Com o comércio do sal, desenvolvia-se o comércio
das frutas, especialmente das laranjas, e produtos hortícolas,
sendo certo que muitos barcos, aproveitando o curso navegável
então existente do rio Trancão, transportavam os
ditos para Sacavém, onde em 1500 chegavam a estar reunidas
50 barcaças para receber as cargas com destino a Lisboa
e outros mercados.
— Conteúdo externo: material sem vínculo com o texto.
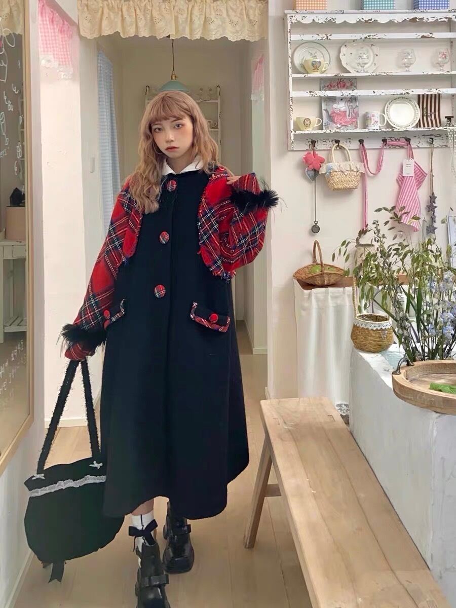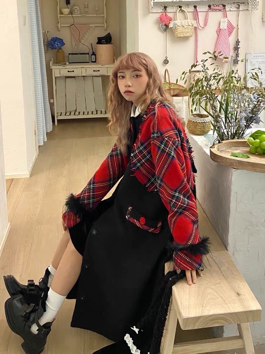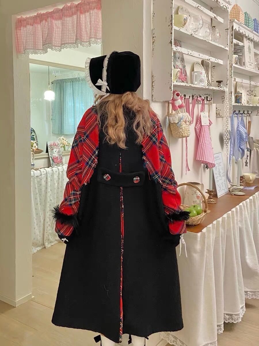【リボン取り外し可能】コート アウター 黒 赤 チェック ワンピース 可愛い

Ainda hoje se observam diversas argolas para
prender barcos, carcassas de antigas embarcações,
âncoras e outros artigos semelhantes, quando se limpam algumas
áreas marginais do rio de Loures, o que lembra os antigos
tempos de navegação fluvial.
A cidade de Loures que primitivamente se formou junto à
Igreja Matriz, onde ainda existe um núcleo antigo (Rua
Fria) foi-se a pouco e pouco afastando para a encosta das Alvogas
talvez procurando as margens do rio e antigo cais de embarque
junto à ponte actual. As cheias fizeram a cidade tomar
a sua actual situação.
Para além da sua actividade agrícola e comercial
era esta zona preferida pela população de Lisboa,
principalmente nos séculos XVIII e XIX, como zona de veraneio
como provam as numerosas quintas aqui existentes.